[Dataset records]
- Opening Delimiter -

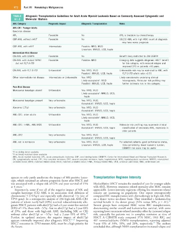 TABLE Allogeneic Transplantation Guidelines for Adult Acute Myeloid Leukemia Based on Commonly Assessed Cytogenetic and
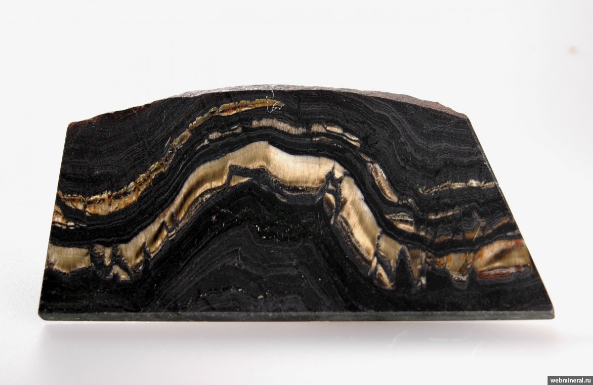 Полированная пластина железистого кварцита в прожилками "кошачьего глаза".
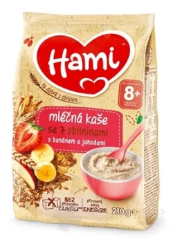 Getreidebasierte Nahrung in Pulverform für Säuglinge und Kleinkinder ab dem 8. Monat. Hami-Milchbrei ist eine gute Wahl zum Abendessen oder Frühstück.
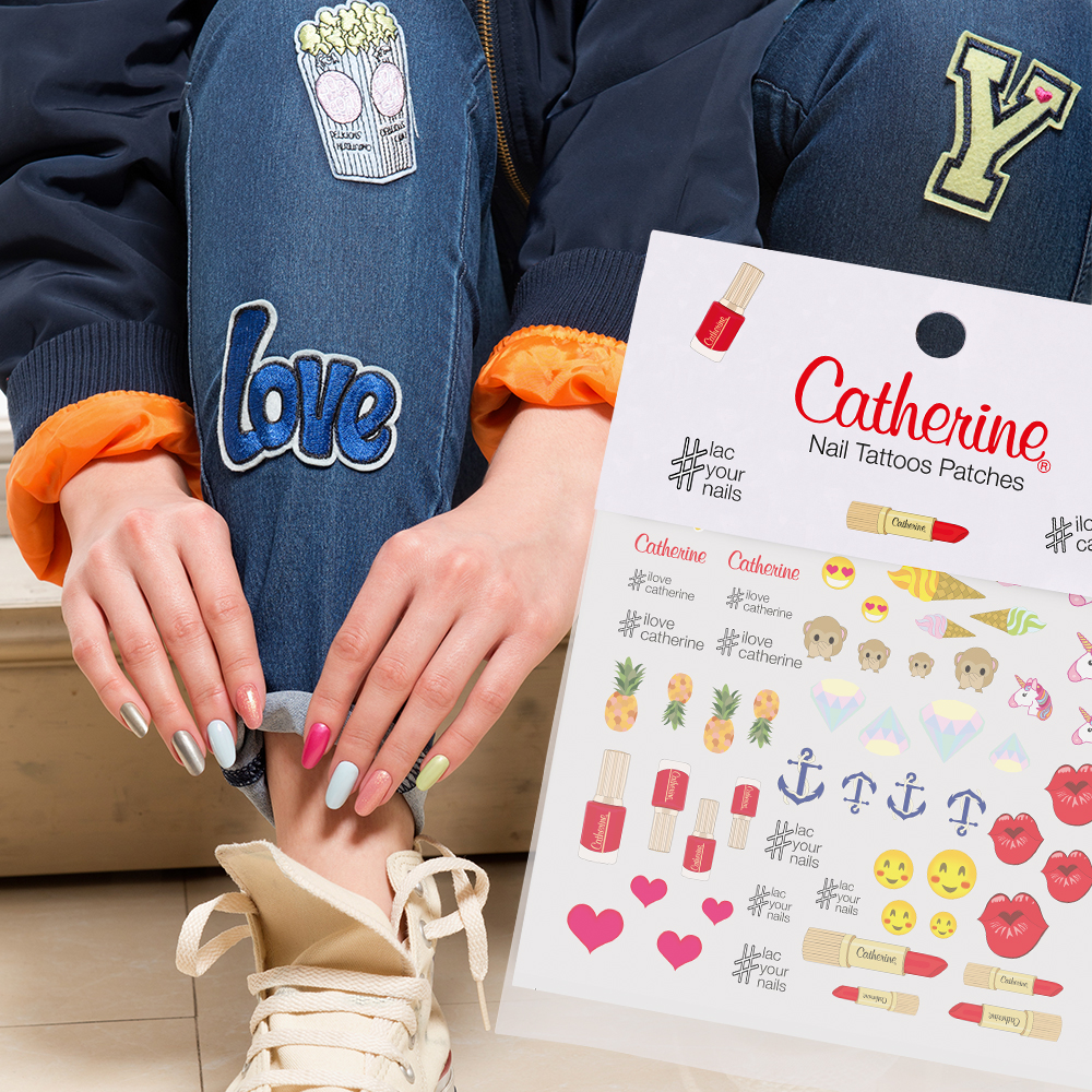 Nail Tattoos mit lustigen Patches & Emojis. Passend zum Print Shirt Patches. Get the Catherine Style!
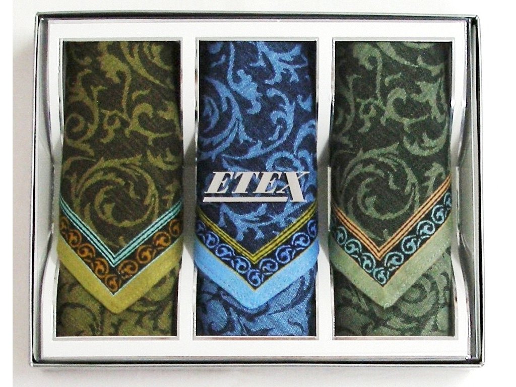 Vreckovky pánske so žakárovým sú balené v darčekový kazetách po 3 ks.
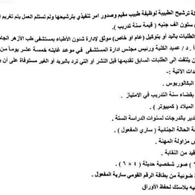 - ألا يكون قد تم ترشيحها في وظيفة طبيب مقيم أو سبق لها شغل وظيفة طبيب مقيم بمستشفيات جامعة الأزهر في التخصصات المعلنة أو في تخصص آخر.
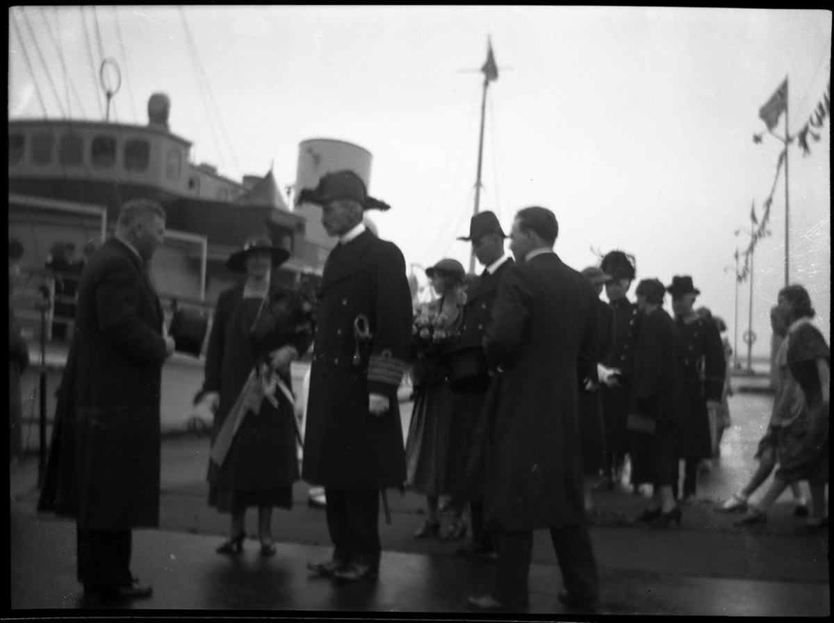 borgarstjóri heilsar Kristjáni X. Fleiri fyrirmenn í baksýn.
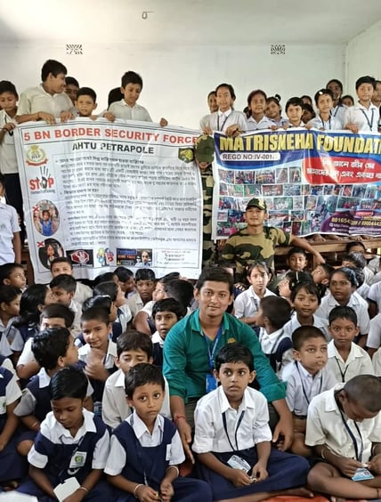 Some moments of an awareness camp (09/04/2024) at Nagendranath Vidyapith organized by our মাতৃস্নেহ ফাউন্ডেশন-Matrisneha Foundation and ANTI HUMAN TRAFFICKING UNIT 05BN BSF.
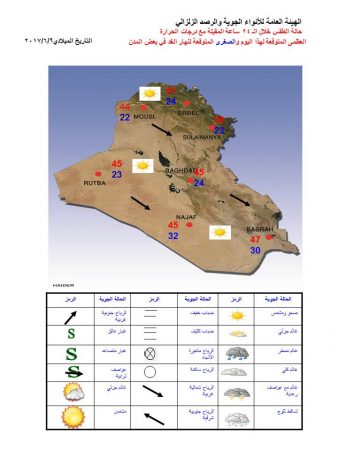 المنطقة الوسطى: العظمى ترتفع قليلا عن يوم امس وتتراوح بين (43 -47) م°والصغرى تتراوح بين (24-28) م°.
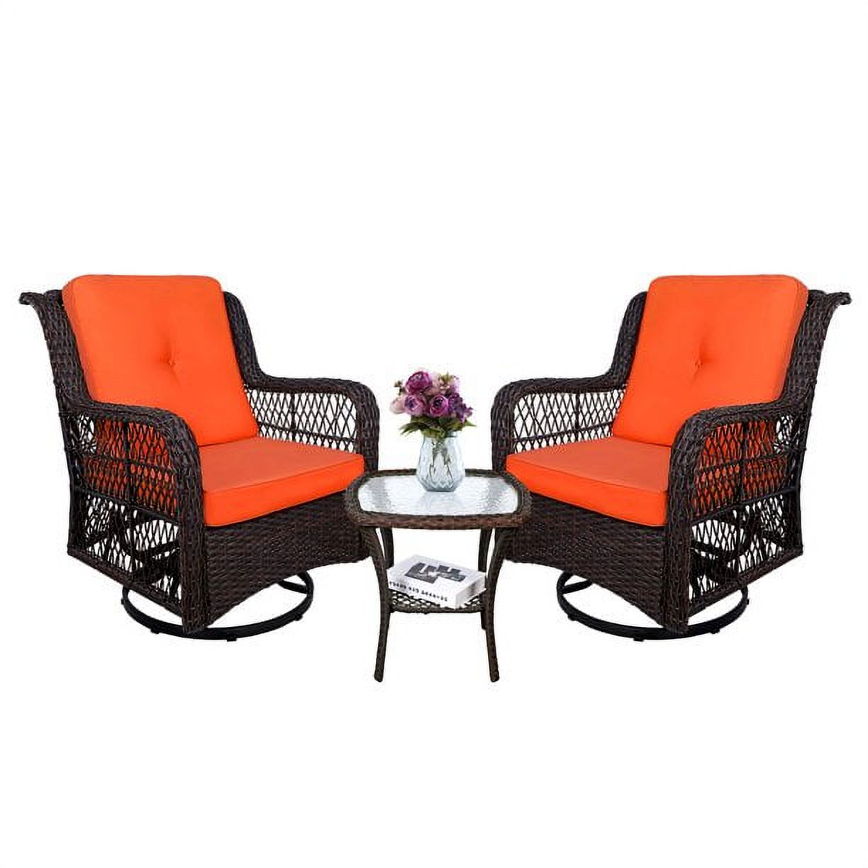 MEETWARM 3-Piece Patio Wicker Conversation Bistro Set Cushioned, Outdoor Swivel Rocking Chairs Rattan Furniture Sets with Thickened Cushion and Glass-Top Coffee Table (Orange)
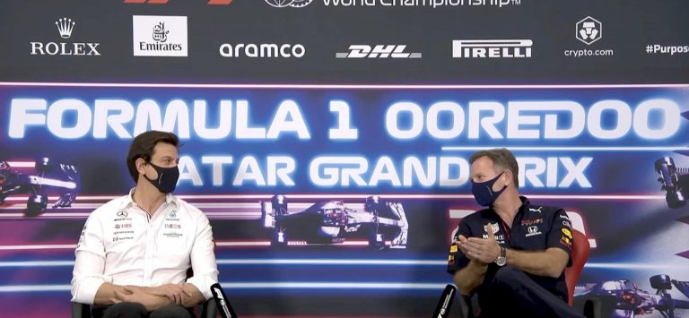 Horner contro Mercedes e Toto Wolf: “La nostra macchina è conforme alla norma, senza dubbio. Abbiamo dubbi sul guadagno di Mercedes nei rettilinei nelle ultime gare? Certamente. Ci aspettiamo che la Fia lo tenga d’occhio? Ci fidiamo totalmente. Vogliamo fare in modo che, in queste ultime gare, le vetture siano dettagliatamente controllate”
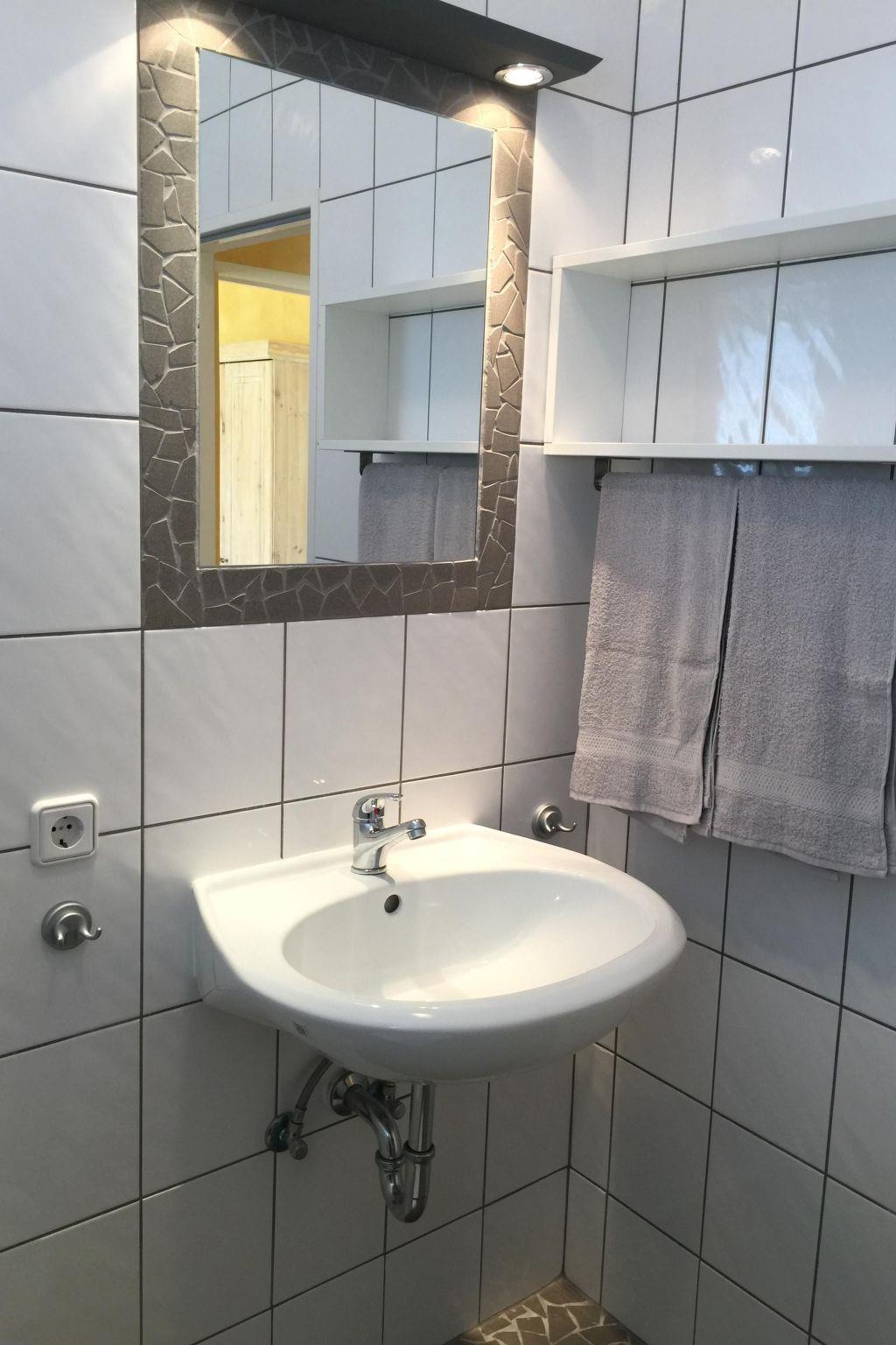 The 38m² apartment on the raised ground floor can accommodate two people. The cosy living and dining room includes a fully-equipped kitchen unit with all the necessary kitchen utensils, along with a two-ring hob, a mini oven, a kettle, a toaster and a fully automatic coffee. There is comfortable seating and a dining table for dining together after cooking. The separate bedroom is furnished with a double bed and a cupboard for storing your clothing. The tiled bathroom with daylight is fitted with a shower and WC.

- Closing Delimiter -

Assignment = For the data above, set down exactly the lines from the line with "borgarstjóri heilsar Kristjáni" to the line with "Horner contro Mercedes", both included, leaving pictures out.

Answer to this exercise =
 borgarstjóri heilsar Kristjáni X. Fleiri fyrirmenn í baksýn.
 Some moments of an awareness camp (09/04/2024) at Nagendranath Vidyapith organized by our মাতৃস্নেহ ফাউন্ডেশন-Matrisneha Foundation and ANTI HUMAN TRAFFICKING UNIT 05BN BSF.
 المنطقة الوسطى: العظمى ترتفع قليلا عن يوم امس وتتراوح بين (43 -47) م°والصغرى تتراوح بين (24-28) م°.
 MEETWARM 3-Piece Patio Wicker Conversation Bistro Set Cushioned, Outdoor Swivel Rocking Chairs Rattan Furniture Sets with Thickened Cushion and Glass-Top Coffee Table (Orange)
 Horner contro Mercedes e Toto Wolf: “La nostra macchina è conforme alla norma, senza dubbio. Abbiamo dubbi sul guadagno di Mercedes nei rettilinei nelle ultime gare? Certamente. Ci aspettiamo che la Fia lo tenga d’occhio? Ci fidiamo totalmente. Vogliamo fare in modo che, in queste ultime gare, le vetture siano dettagliatamente controllate”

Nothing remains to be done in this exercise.